Some glottic lesions that involve the anterior commissure may be treated by hemilaryngectomy (vertical laryngectomy) because of the increased risk of cartilage involvement.
Some small lesions of the tip of the epiglottis can also be treated with limited surgical resection.
Large supraglottic tumors are treated with a supraglottic (horizontal) laryngectomy. This procedure spares the true vocal folds but removes the epiglottis, aryepiglottic folds, and false vocal folds.
For transglottic tumors (supraglottic tumors that spread to a true vocal fold), a suprahemilaryngectomy may be considered. Radical neck dissection, radiation, or both are often necessary because nodal metastases (30% of which are occult) are found in 55% of supraglottic cancers.

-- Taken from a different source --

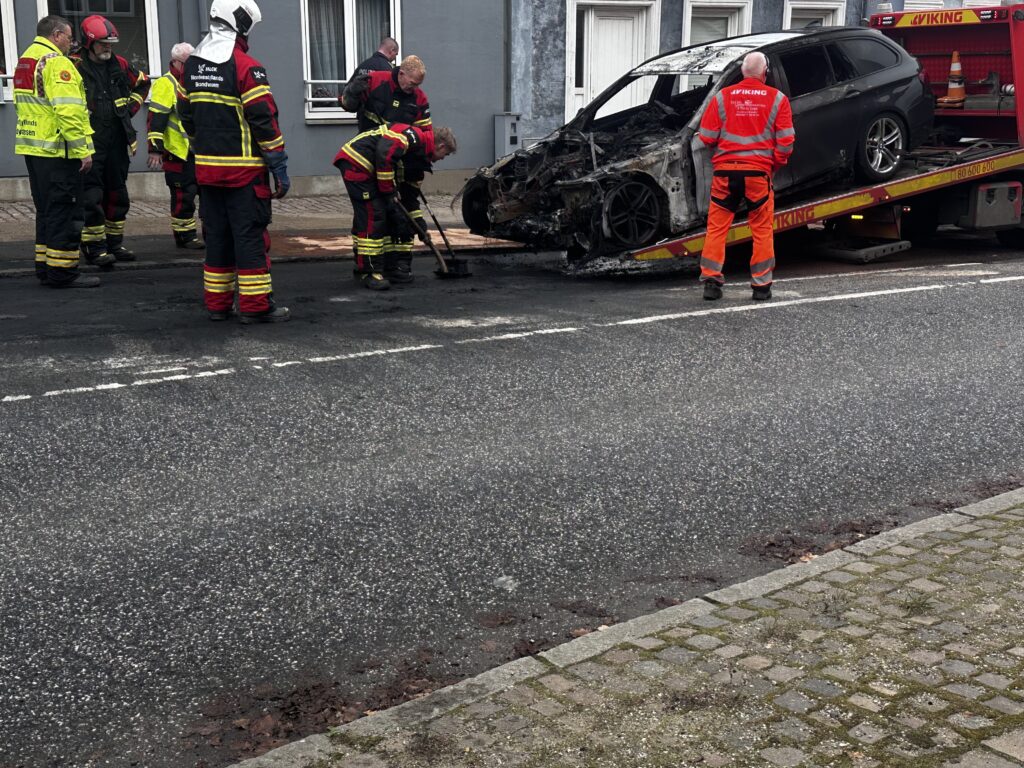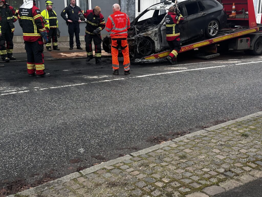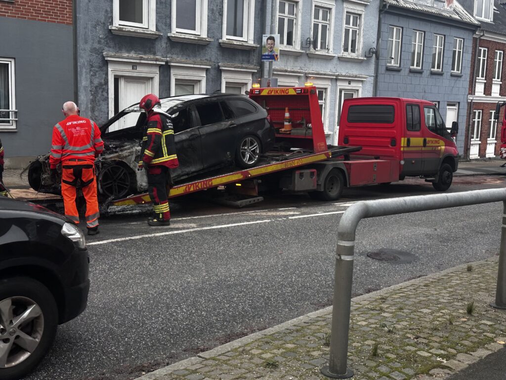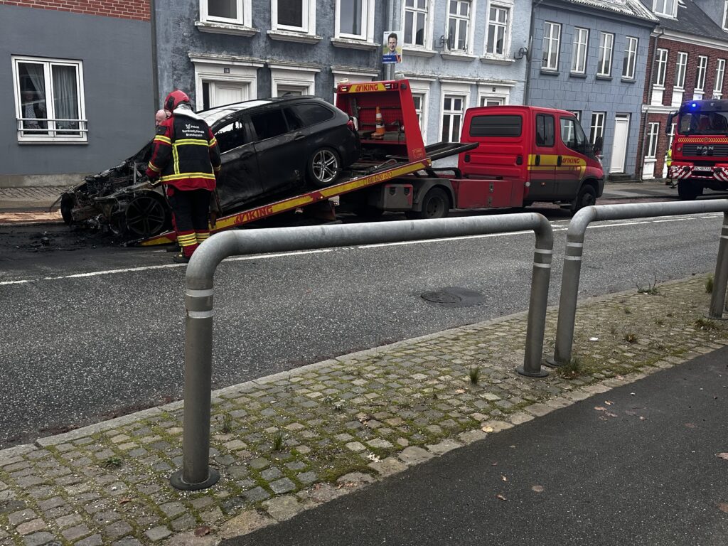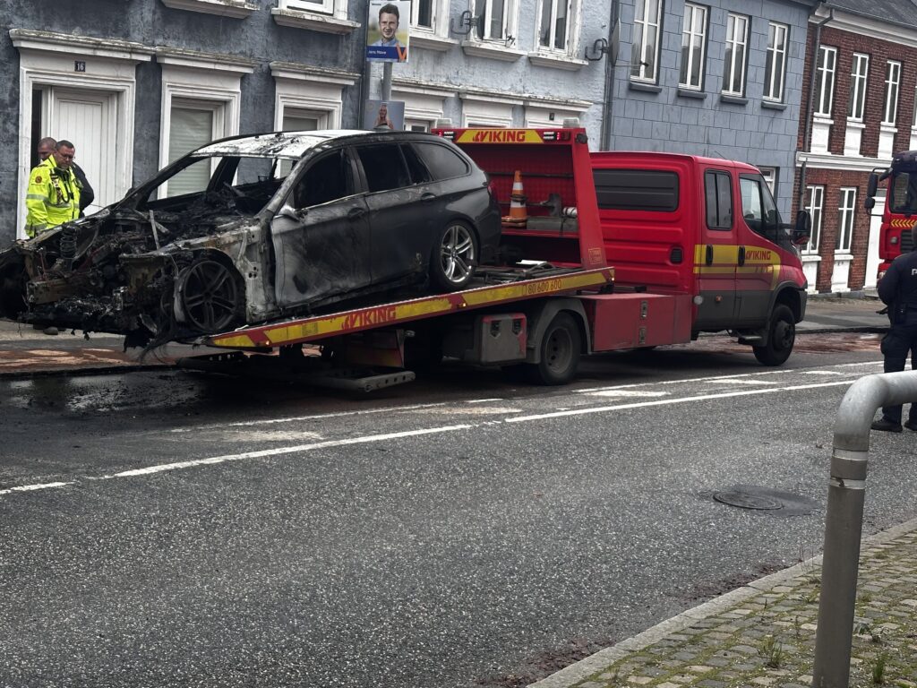 Bilen kørte på Møllegade i Skive, da flammerne fik fat. Gaden var spærret i en times tid, mens slukningsarbejdet var i gang.
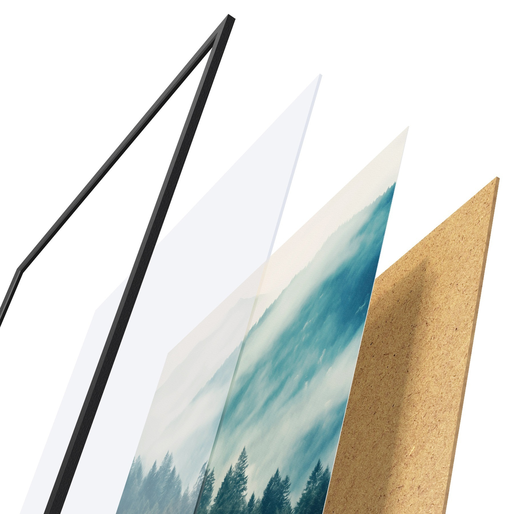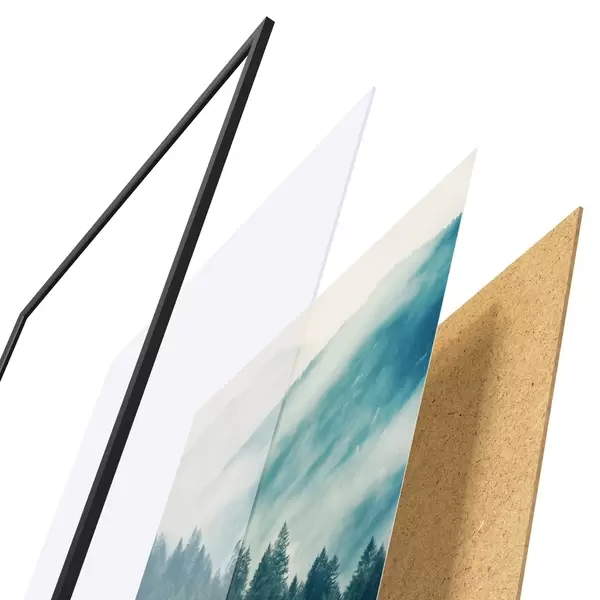 Plagát sa skladá z rámu, plexiskla, vytlačeného obrazu a podkladu z drevotriesky. Plagát možno okamžite zavesiť na stenu vďaka úchytom na zadnej strane.

T3 and T4 lesions usually require a total laryngectomy , often combined with radical neck dissection. Postoperative radiotherapy is usually indicated (Fig. 19 -5).
Verrucous carcinoma is treated surgically by using a conservation laryngectomy, when possible. There is no need for elective radical neck dissection, and radiotherapy has been implicated as one cause of anaplastic transformation.
Current adjuvant chemotherapy protocols achieve cure rates comparable to those for traditional combined therapy and allow some patients to avoid total laryngectomy. Figure 19 -6 shows a protocol example.
G Prognosis
is better for patients with laryngeal cancer than with cancer of other head and neck sites. Five-year survival rates by stage are as follows:
Stage T1: 85%–90% with surgery or radiation
Stage T2: 80%–85%
Stage T3: 75%
Stage T4: 30%
IX Cancer of the Ear
A Anatomy
Basic structure. The tympanic membrane separates the external canal from the middle ear. The portions of the ear most susceptible to tumors include the external ear (pinna), external auditory canal, and middle ear. The mastoid and other parts of the temporal bone may also be involved.
Lymphatic drainage of the external ear and canal is anterior through the parotid, posterior to the mastoid nodes, and deep to the jugulodigastric nodes.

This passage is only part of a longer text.